Article and author information
Author details
Funding
National Eye Institute (R01 EY021238)
- Dan Carr
National Eye Institute (P30 EY021725)
- Dan Carr
National Eye Institute (R01 EY021798)
- Daniel R Saban
National Eye Institute (R01 EY024484)
- Victor L Perez
National Eye Institute (P30 EY005722)
- Daniel R Saban
The funders had no role in study design, data collection and interpretation, or the decision to submit the work for publication.
Ethics
Animal experimentation: This study was performed in strict accordance with the recommendations in the Guide for the Care and Use of Laboratory Animals of the National Institutes of Health.
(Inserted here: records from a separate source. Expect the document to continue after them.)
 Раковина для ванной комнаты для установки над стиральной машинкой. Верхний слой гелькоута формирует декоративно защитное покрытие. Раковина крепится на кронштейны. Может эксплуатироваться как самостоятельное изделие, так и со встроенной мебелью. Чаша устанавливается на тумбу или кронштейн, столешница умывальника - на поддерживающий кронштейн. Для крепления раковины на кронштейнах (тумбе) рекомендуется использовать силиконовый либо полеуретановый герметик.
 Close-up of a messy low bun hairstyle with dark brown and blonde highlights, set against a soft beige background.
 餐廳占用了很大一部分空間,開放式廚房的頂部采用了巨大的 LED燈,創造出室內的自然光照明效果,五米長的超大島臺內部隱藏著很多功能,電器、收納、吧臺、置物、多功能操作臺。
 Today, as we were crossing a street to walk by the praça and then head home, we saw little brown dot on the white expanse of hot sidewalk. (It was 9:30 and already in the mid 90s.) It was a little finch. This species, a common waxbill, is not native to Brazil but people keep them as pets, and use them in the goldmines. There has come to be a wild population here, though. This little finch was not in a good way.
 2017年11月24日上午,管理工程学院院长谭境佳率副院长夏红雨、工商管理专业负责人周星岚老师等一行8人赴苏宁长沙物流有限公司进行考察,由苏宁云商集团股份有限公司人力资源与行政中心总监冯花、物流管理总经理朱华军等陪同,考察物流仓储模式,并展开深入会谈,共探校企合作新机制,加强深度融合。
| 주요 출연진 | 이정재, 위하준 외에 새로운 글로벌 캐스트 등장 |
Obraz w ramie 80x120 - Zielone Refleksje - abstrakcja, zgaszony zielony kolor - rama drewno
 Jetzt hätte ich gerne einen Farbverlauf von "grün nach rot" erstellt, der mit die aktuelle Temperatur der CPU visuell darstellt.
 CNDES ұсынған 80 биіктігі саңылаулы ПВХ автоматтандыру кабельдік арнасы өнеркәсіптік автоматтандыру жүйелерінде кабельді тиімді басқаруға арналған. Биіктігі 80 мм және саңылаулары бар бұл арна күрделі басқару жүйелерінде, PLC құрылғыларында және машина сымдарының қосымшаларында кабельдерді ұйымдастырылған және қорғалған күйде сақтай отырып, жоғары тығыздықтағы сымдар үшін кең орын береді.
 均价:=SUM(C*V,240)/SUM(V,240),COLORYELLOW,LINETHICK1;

Research was performed in accordance with protocols approved by institutional care and use committees at the University of Oklahoma Health Sciences Center (Protocol number 160-014-NSI) and Duke University (Protocol numbers A061-18-03 and A034-18-01).
Copyright
© 2019, Royer et al.
This article is distributed under the terms of the Creative Commons Attribution License permitting unrestricted use and redistribution provided that the original author and source are credited.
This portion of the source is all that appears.